では「クリエーティビティ」にも影響を及ぼす事があるのでしょうか?
1945年に、カール・ドゥンカーが行いました「ロウソクの問題」です。



私はあなた方を部屋に入れて、ロウソクと、画鋲と、マッチを渡します。そしてこう言います。「テーブルに蝋がたれないようにロウソクを壁に取り付けてください」。あなたならどうしますか?
多くの人は画鋲でロウソクを壁に留めようとします。でも、うまくいきません。あそこで手真似をしている人がいましたが、マッチの火でロウソクを溶かして壁にくっつけるというアイデアを思いつく人もいます。
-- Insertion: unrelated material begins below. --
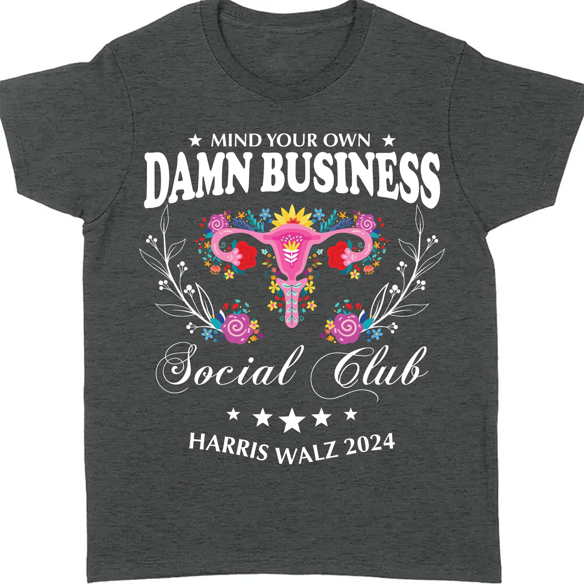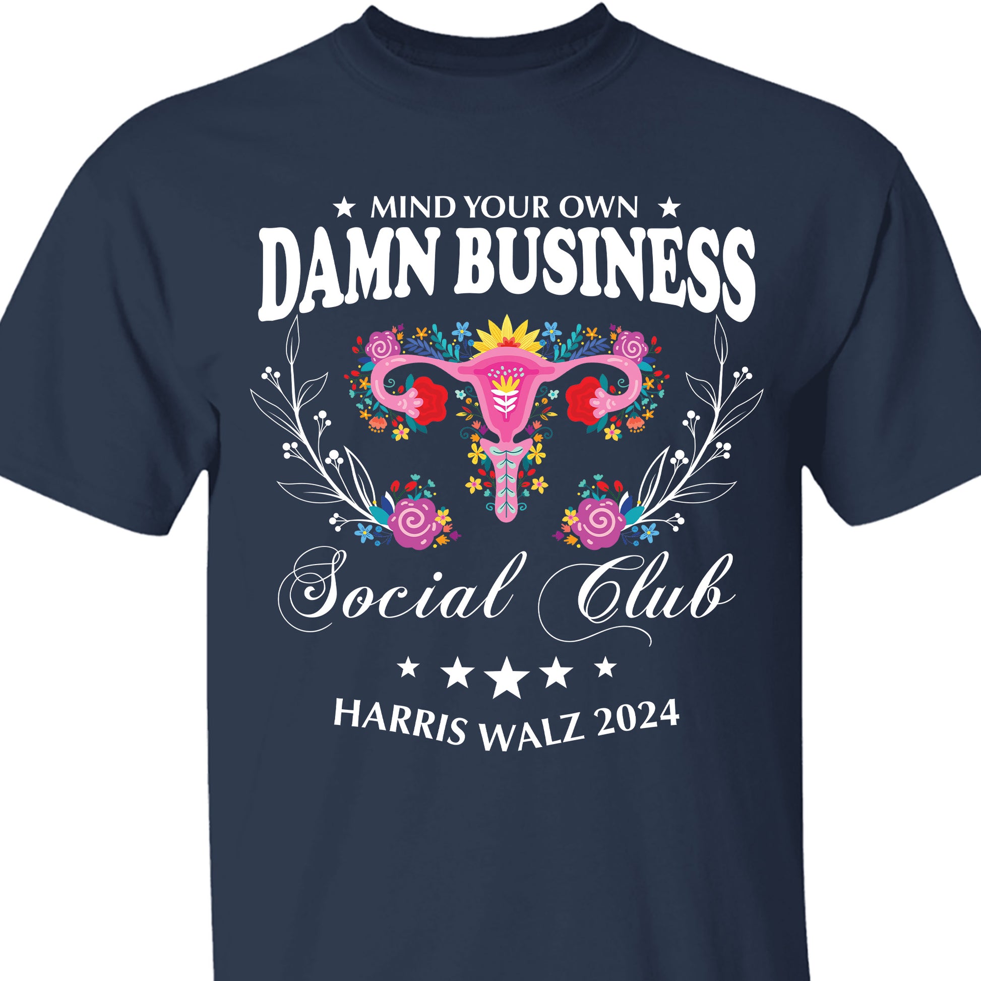 This t-shirt design features bold, impactful text at the top that reads "MIND YOUR OWN DAMN BUSINESS," surrounded by stars. Below the text is a colorful, floral uterus illustration, decorated with bright flowers and intricate details, adding a vibrant and symbolic touch to the design. Beneath the uterus image is the phrase "Social Club," written in an elegant, cursive font, giving the design a stylish, empowering vibe. At the bottom, the shirt reads "HARRIS WALZ 2024," with stars on either side, indicating support for the Harris-Walz political campaign. The overall design combines boldness and artistry to convey a strong, feminist message.

いいアイデアですが、うまくいきません。5分か10分すると、たいていの人は解決法を見つけます。このようにすればいいのです。



鍵になるのは「機能的固着」を乗り越えるということです。最初あの箱を見て、単なる画鋲の入れ物だと思います。しかしそれは別な使い方をすることもでき、ロウソクの台になるのです。これがロウソクの問題です。「機能的固着」を超えること、これって一種のイノベーションですよね?現代的なビッグワードになっているイノベーションは、裏返すと「世の中に新たな機能を生み出す・新たな機能を与える」ことじゃないだろうか。この実験の例だと、今まで「ロウソクを壁に取り付ける」機能を認知されていなかった画鋲入れの箱に、新たな機能=価値を与えており、小さいけれど確かなイノベーションじゃないか、と思います。